Sileoni (Fabi): "La banca non può diventare una boutique solo per ripulirla e poi rivenderla a qualche fondo". Masi (Uilca): "Non vogliamo che i nuovi esuberi diventino consulenti finanziari, sarebbe uno scambio improprio"

Banche e risparmio gestito, sindacati contro il modello Carige

Lando Maria Simeoni (a sx), segretario generale Fabi, e Massimo Masi segretario generale Uilca

Al segretario generale della Federazione autonoma bancari italiani (Fabi), Lando Maria Sileoni, il modello boutique di Banca Carige non piace. Lo ha detto chiaramente durante la conferenza stampa a Milano, convocata insieme agli altri segretari generali di First Cisl, Fisac Cgil, Uilca e UnisinRiccardo ColombaniGiuliano Calcagni, Massimo MasiEmilio Contrasto. Un incontro con la stampa con il quale le segreterie hanno lanciato messaggi chiari all'Abi sia sul rinnovo del contratto (le sigle hanno firmato di recente un piattaforma rivendicativa) e sia sulle strategie in corso nel settore bancario italiano.

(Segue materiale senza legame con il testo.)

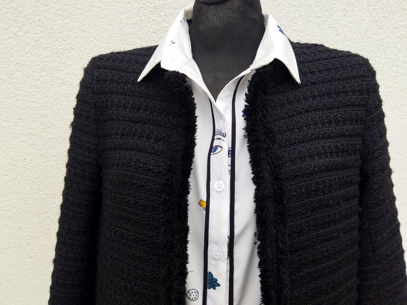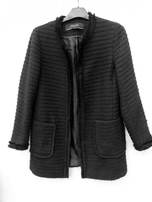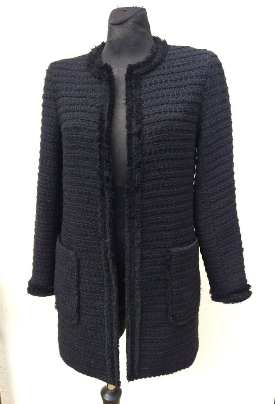 Dłuższa ciepła marynarka z grubszej tkaniny z fakturą w czarnym kolorze wykończona krótkim frędzelkami wyciąganymi z tkaniny. Bez kołnierza , z dwiema naszywanymi kieszeniami. Zapinana na haftki. Zastąpi wiosenny płaszczyk lub kurtkę. całość na podszewce

 "Siamo contrari alla banca boutique su modello Banca Carige perché per noi la banca non può essere una boutique solo perché qualcuno la deve ripulire e poi rivendere, come probabilmente sarà fatto, a qualche fondo. Non esiste, lo abbiamo detto in tutte le lingue", ha dichiarato Sileoni. "Un conto è che ci sia un ramo all'interno di un gruppo specializzato nel risparmio gestito, un altro conto è il caso di Carige", che nel piano strategico presentato di recente dai commissari prevede la trasformazione dell’istituto in boutique finanziaria.
 
Sul fronte del wealth management, sempre più centrale nei piani e nei bilanci bancari per i margini che garantisce, "è chiaro”, ha continuato Sileoni, “che si sta scimmiottando il modello Intesa, e questo sarà un altro elemento di grande riflessione che noi affronteremo nel prossimo contratto. Se la politica è diventata 'più vendita di prodotti e meno credito', è chiaro che questo problema ce lo dobbiamo porre".
 
Un punto condiviso anche da Masi della Uilca: "non vogliamo che i nuovi esuberi diventino consulenti finanziari, perché sarebbe uno scambio improprio". Nell'ambito delle pressioni commerciali a cui sono stati sottoposti in passato i dipendenti per vendere prodotti, per ora "abbiamo fatto passi da giganti, abbiamo approvato un accordo in Abi passando da controlli zero a due tipi di controllo", ha chiarito ancora Sileoni.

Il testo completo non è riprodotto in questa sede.